Disease-related concerns:

• Acute illness: The decision to administer or delay vaccination because of current or recent febrile illness depends on the severity of symptoms and the etiology of the disease. Defer administration in patients with moderate or severe acute illness (with or without fever); vaccination should not be delayed for patients with mild acute illness (with or without fever) (ACIP [Kroger 2021]).

• Bleeding disorders: Use with caution in patients with bleeding disorders (including thrombocytopenia); bleeding/hematoma may occur from IM administration; if the patient receives antihemophilia or other similar therapy, IM injection can be scheduled shortly after such therapy is administered (ACIP [Kroger 2021]).

• Polio infection: Patients with prior clinical poliomyelitis or incomplete vaccination with oral poliovirus vaccine (OPV) may receive inactivated poliovirus vaccine (IPV).

Concurrent drug therapy issues:

• Anticoagulant therapy: Use with caution in patients receiving anticoagulant therapy; bleeding/hematoma may occur from IM administration (ACIP [Kroger 2021]).

• Immune globulin: Immune response may be decreased in patients receiving immune globulin.

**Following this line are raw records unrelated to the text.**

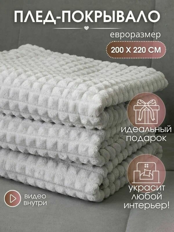 Плед-покрывало кубик Велсофт 200 x 220 см, евро флисовый светло-серый информация:
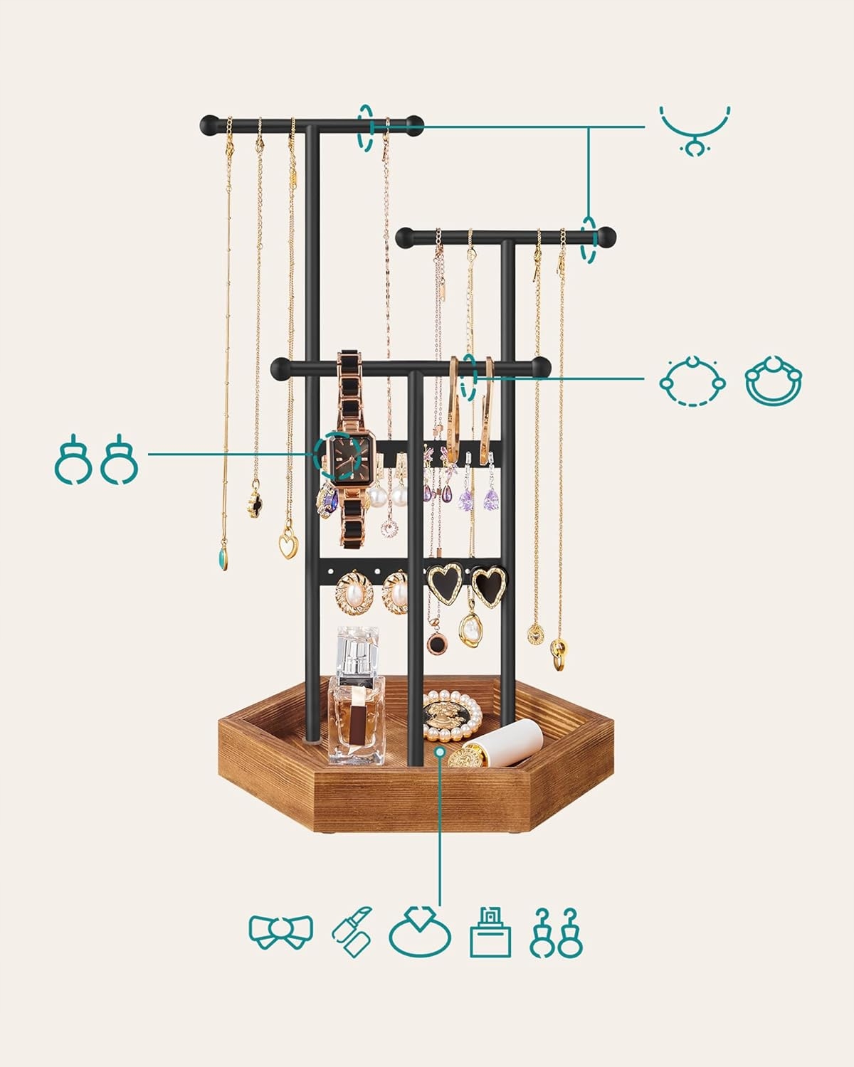 STOJAK NA BIŻUTERIĘ DRZEWKO Z METALU I DREWNA NA PIERŚCIONKI KOLCZYKI
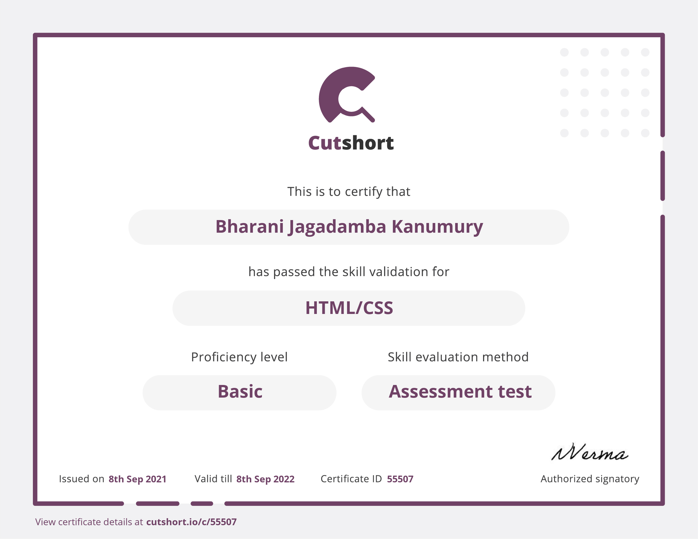 Presented to Bharani for Basic proficiency in HTML/CSS
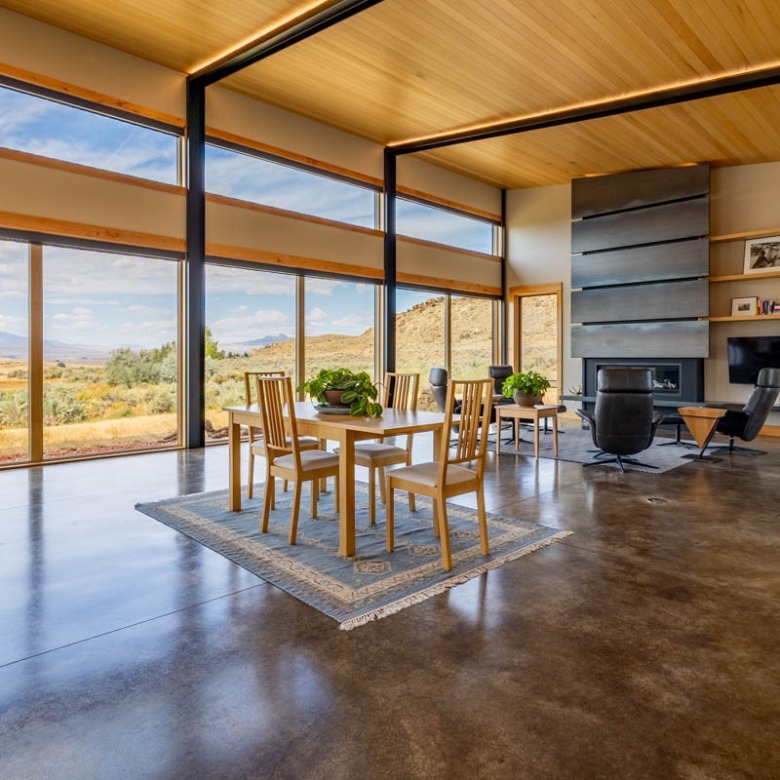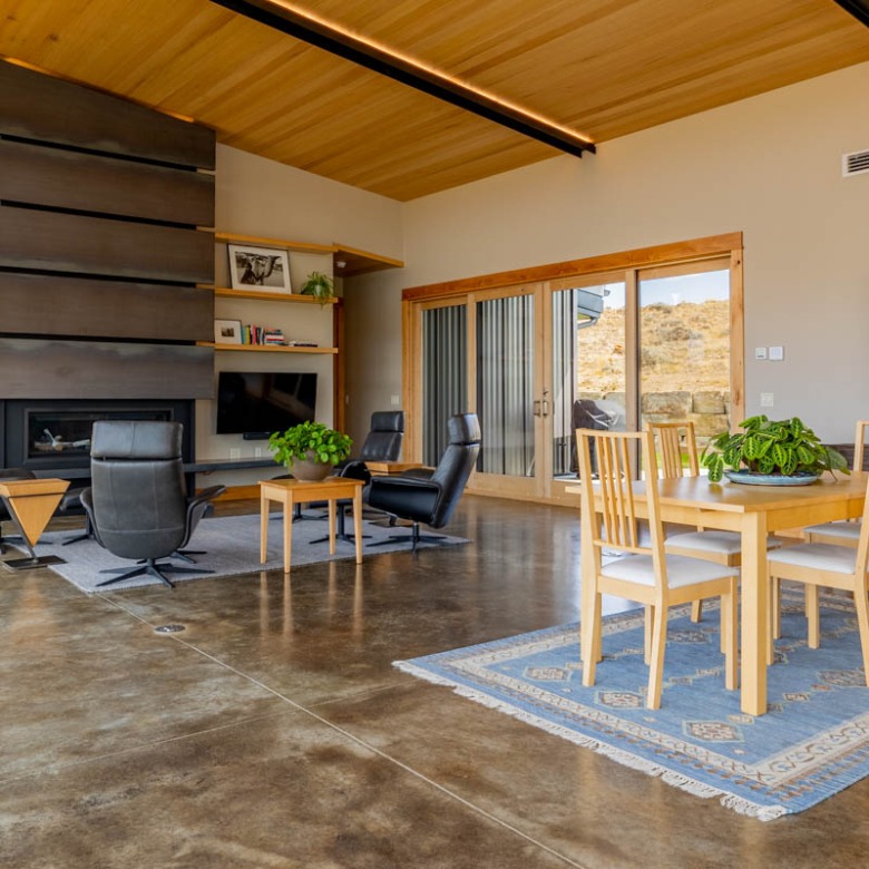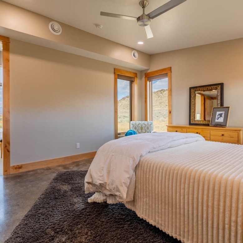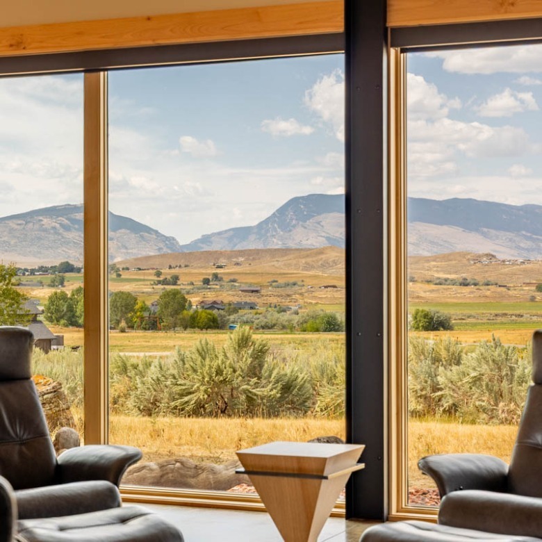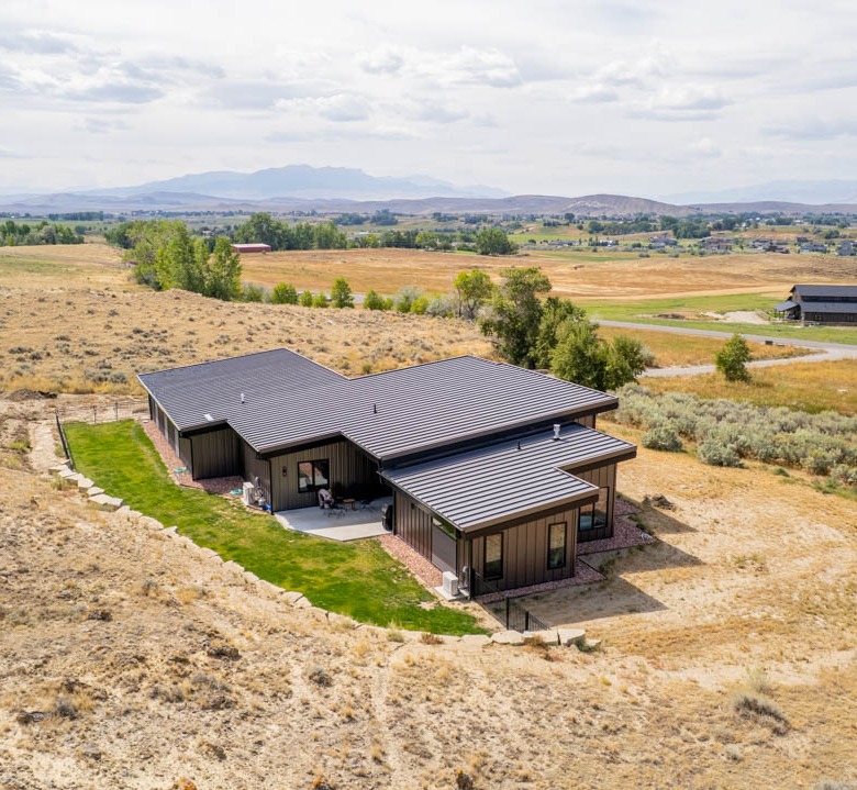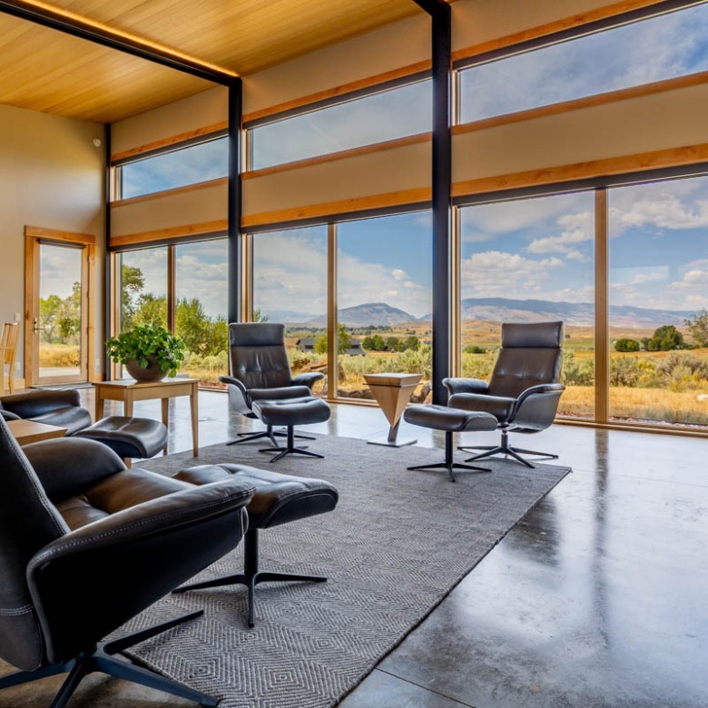 This modern rural retreat is 5 minutes east of downtown Cody, on a stunning 11.5 acre elevated hillside property with approximately 2.5 acres of irrigable land. The house is discreetly tucked into the hillside hidden behind cottonwood trees. Looking westerly, out of the floor to ceiling windows are panaramic views of the mountains surrounding the town of Cody. Part of a lightly covenanted subdivision with large lots it maintains privacy with generous distance from neighbors and welcomes horses and chickens, perfect for rural living. Crafted with exceptional attention to detail, this home was built with structural composite lumber, Rockwool acoustical insulation throughout the home, zero-entry floor plan, with heated stained concrete floors. Enjoy premium appliances, Northwest Rural Water supply with reverse osmosis system, and a 3-bay heated garage. The private, fenced and landscaped back patio and yard provide a protected space with views of the natural landscape surrounding the property. With ample room to upgrade by adding a shop or barn for extra toys or animals, this property is a rare blend of modern sophistication in a rural setting.
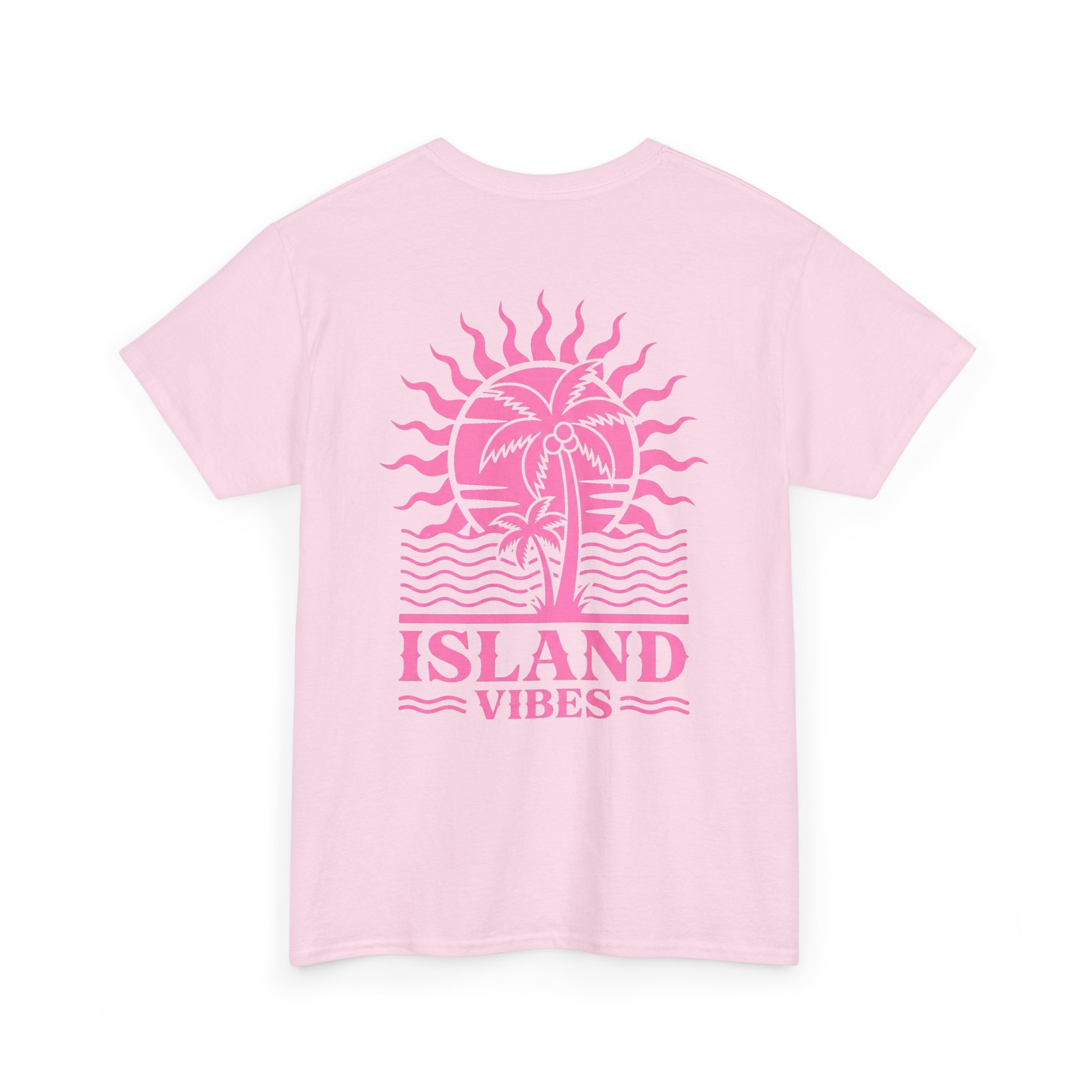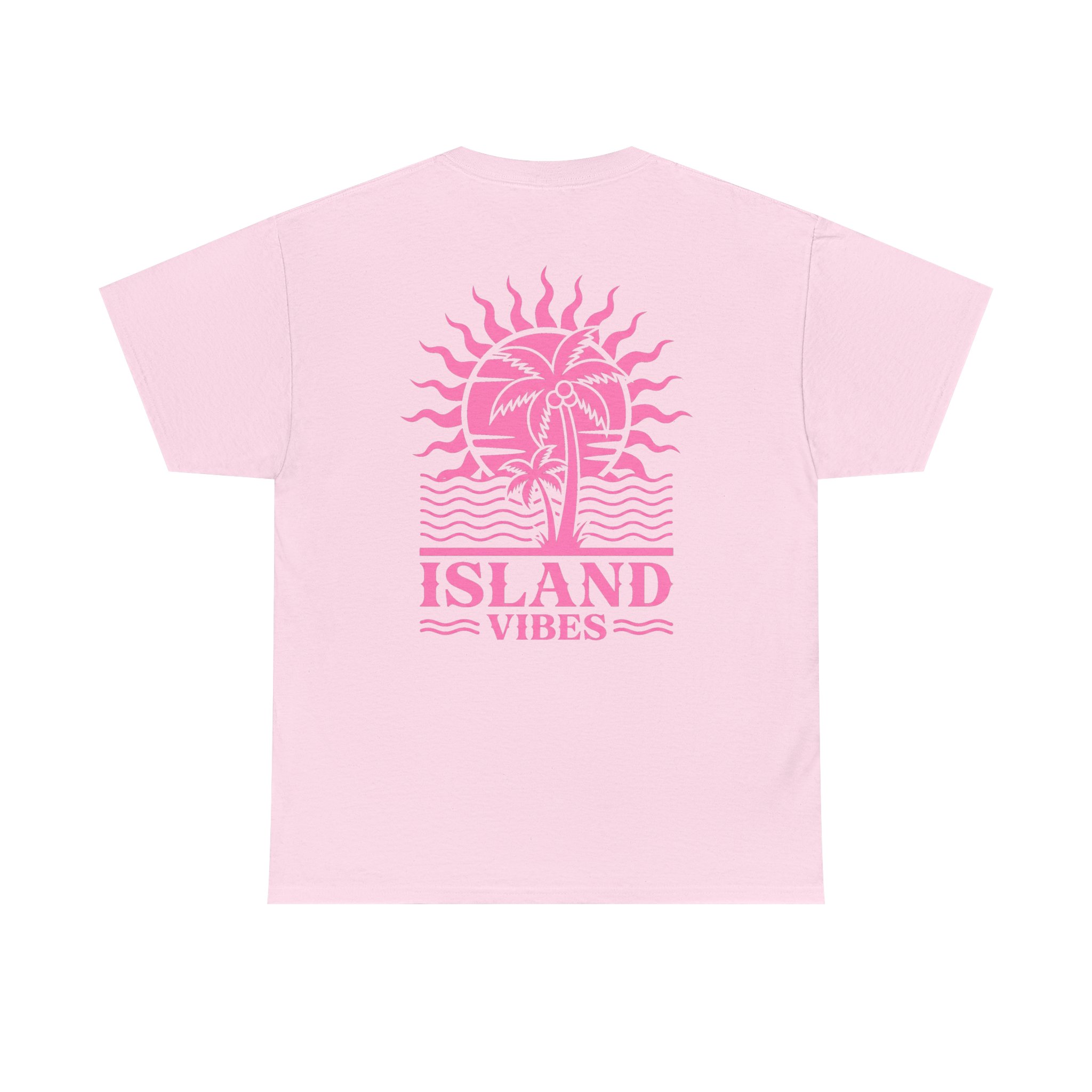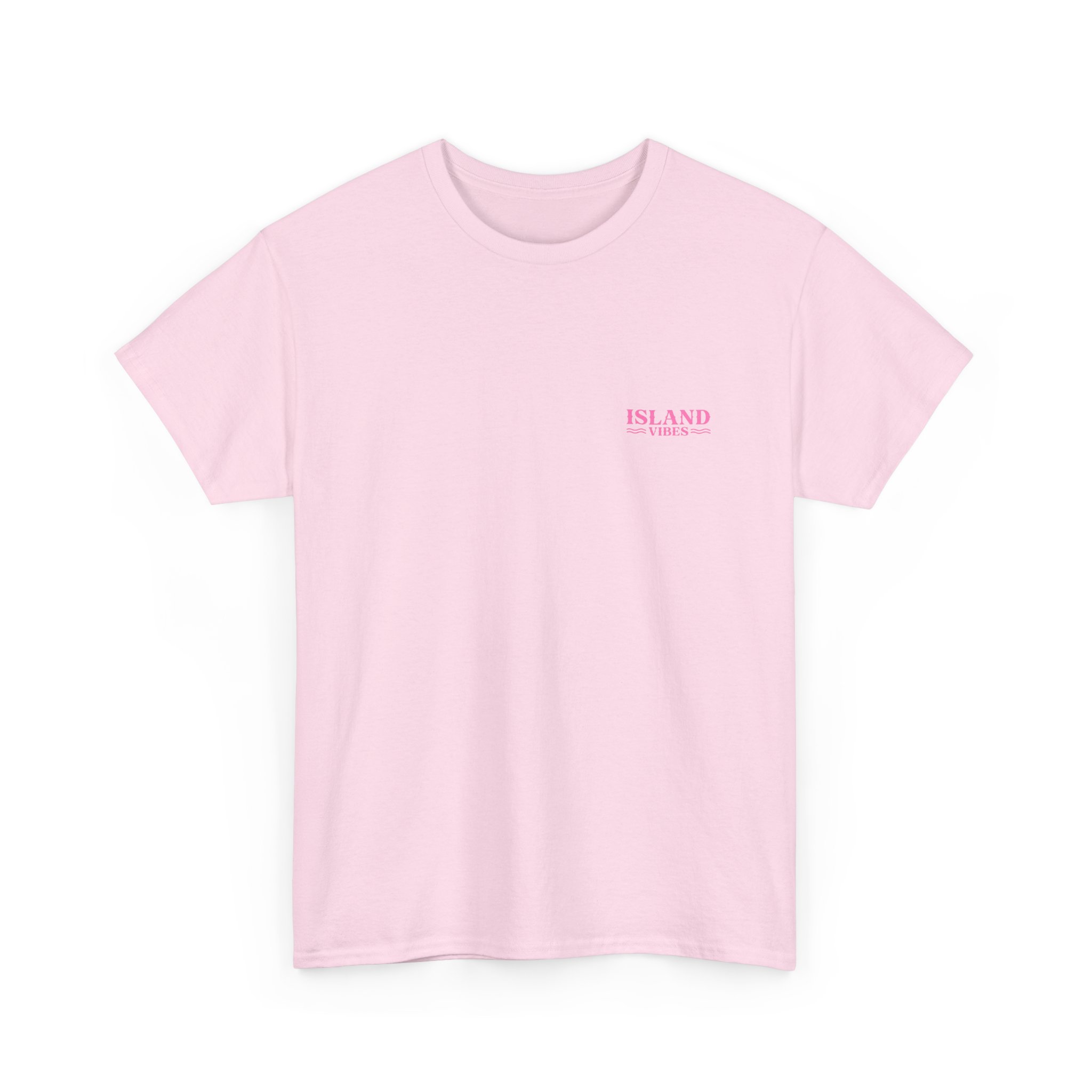 Soft, sun-washed, and easy to live in — this tee carries a relaxed island energy. The light pink cotton offers a gentle canvas for the warm pink artwork: a retro palm-and-sun motif on the back and a small chest logo up front. Wear it for slow mornings with iced coffee, seaside walks, or evenings around a fire pit. The roomy classic fit and crew neck feel familiar from the first wear, while the sturdy midweight cotton holds up through repeated washes. Simple, breezy, and quietly nostalgic — it slips into a vacation mindset wherever you are.

• Vaccines: In order to maximize vaccination rates, the ACIP recommends simultaneous administration of all age-appropriate vaccines (live or inactivated) for which a person is eligible at a single clinic visit, unless contraindications exist. The use of combination vaccines is generally preferred over separate injections, taking into consideration provider assessment, patient preference, and adverse events. When using combination vaccines, the minimum age for administration is the oldest minimum age for any individual component; the minimum interval between dosing is the greatest minimum interval between any individual components. The ACIP prefers each dose of a specific vaccine in a series come from the same manufacturer when possible; however, vaccination should not be deferred because a specific product is unavailable (ACIP [Kroger 2021]).

Special populations:

• Altered immunocompetence: Consider deferring vaccination during periods of severe immunosuppression; may have a reduced response to vaccination. According to the manufacturer, patients with HIV infection, severe combined immunodeficiency, hypogammaglobulinemia, agammaglobulinemia, or altered immunity (due to corticosteroids, alkylating agents, antimetabolites, or radiation) may receive inactivated poliovirus vaccine (IPV). In general, household and close contacts of persons with altered immunocompetence may receive all age-appropriate vaccines. Inactivated vaccines should be administered ≥2 weeks prior to planned immunosuppression when feasible; inactivated vaccines administered during chemotherapy should be readministered after immune competence is regained (ACIP [Kroger 2021]; IDSA [Rubin 2014]).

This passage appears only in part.